- DATA FOR PROCESSING -
____________________
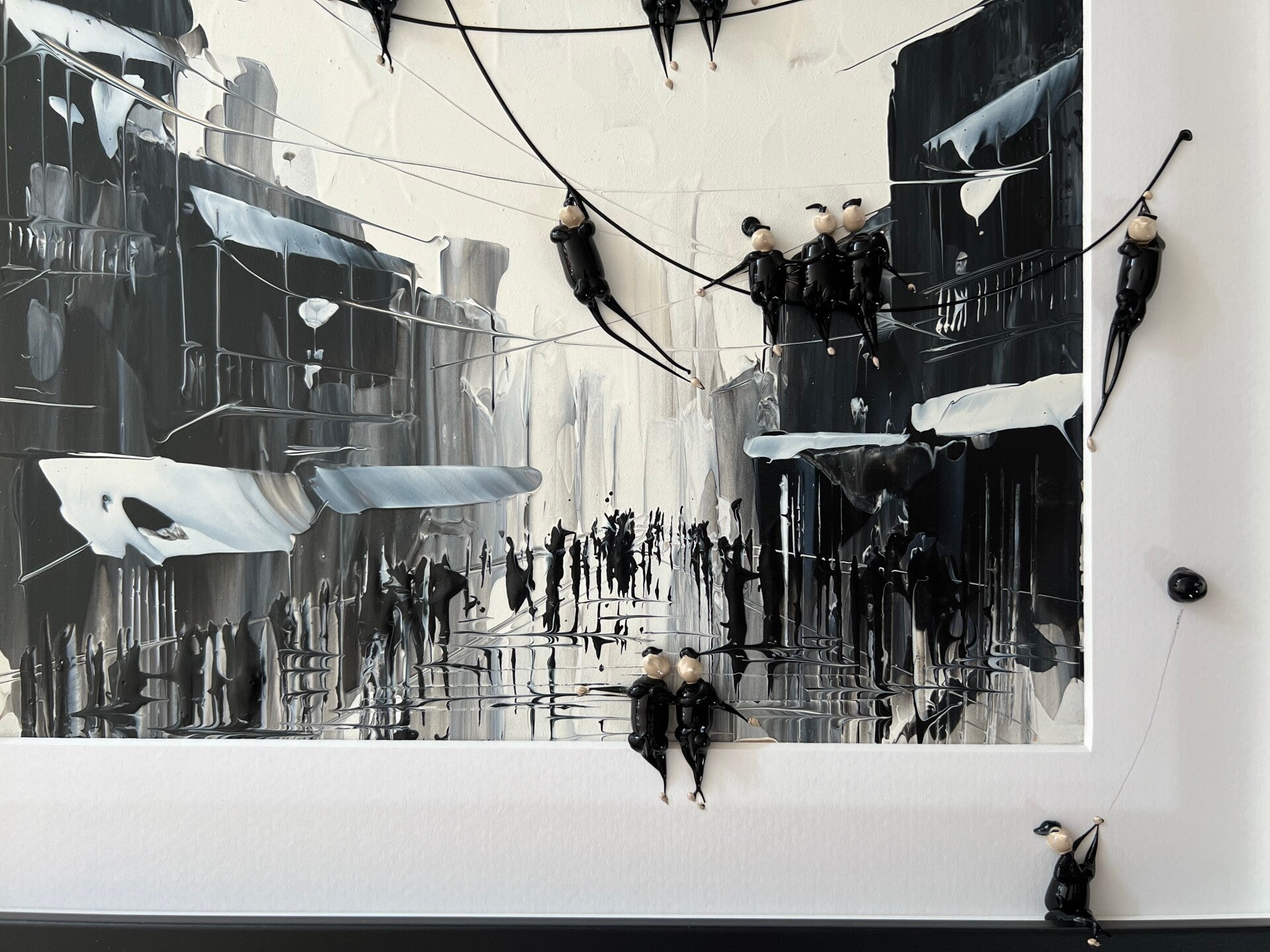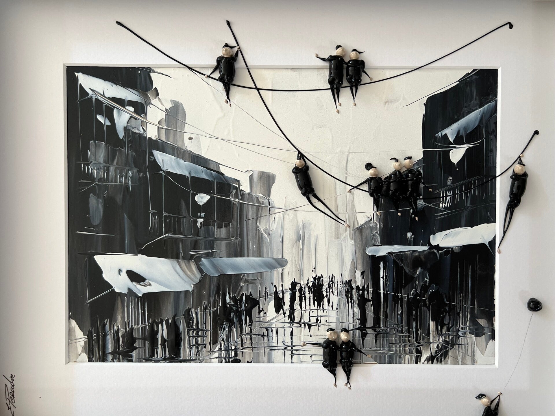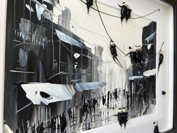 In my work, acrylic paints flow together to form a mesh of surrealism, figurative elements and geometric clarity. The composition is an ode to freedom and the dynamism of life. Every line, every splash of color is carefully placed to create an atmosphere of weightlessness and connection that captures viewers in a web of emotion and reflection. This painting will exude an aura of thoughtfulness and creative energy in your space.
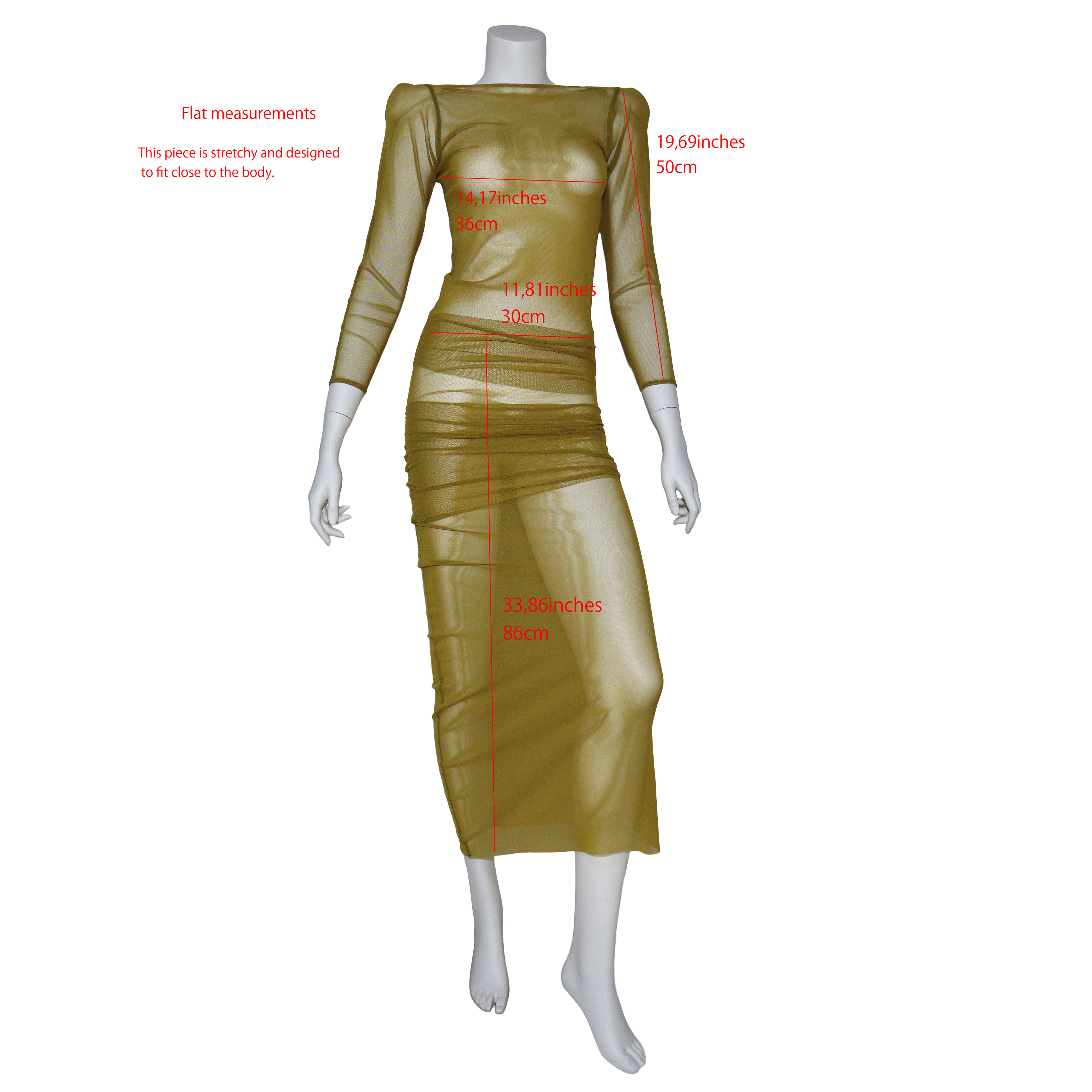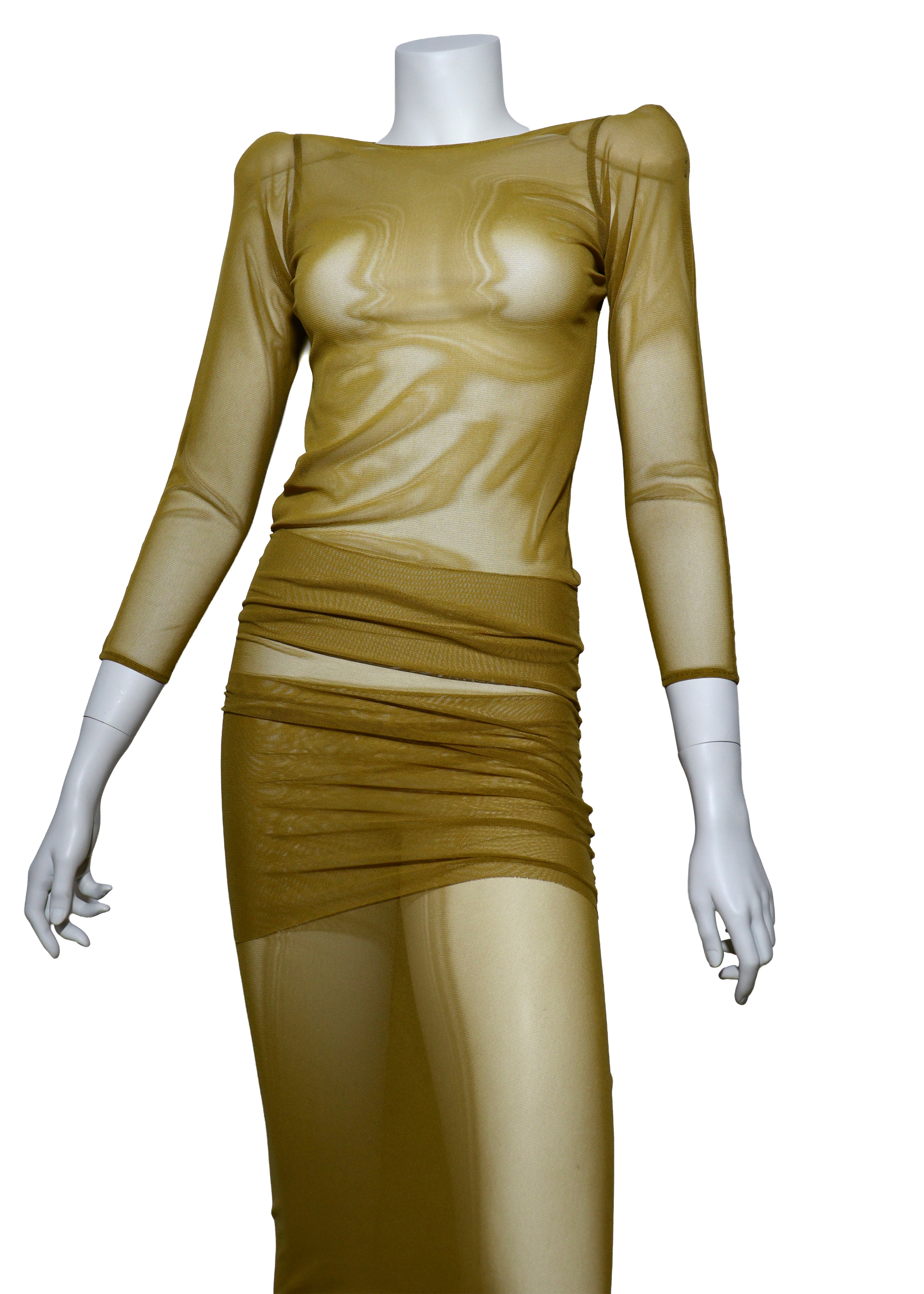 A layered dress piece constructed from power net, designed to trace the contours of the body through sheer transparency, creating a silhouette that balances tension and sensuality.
____________________
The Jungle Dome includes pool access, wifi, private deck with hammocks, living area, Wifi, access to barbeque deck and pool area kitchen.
____________________
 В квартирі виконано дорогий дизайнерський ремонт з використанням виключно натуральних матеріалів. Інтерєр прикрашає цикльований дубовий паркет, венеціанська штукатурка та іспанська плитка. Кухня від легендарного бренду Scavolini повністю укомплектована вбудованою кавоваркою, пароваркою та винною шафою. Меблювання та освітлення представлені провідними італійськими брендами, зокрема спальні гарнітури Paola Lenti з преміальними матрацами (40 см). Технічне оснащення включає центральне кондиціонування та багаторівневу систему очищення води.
____________________
- WORK ORDER -
Please copy the lines above exactly, starting at the line that holds "In my work, acrylic" and ending at the line that holds "A layered dress"; include both, but no pictures.

- COMPLETED EXERCISE -
 In my work, acrylic paints flow together to form a mesh of surrealism, figurative elements and geometric clarity. The composition is an ode to freedom and the dynamism of life. Every line, every splash of color is carefully placed to create an atmosphere of weightlessness and connection that captures viewers in a web of emotion and reflection. This painting will exude an aura of thoughtfulness and creative energy in your space.
 A layered dress piece constructed from power net, designed to trace the contours of the body through sheer transparency, creating a silhouette that balances tension and sensuality.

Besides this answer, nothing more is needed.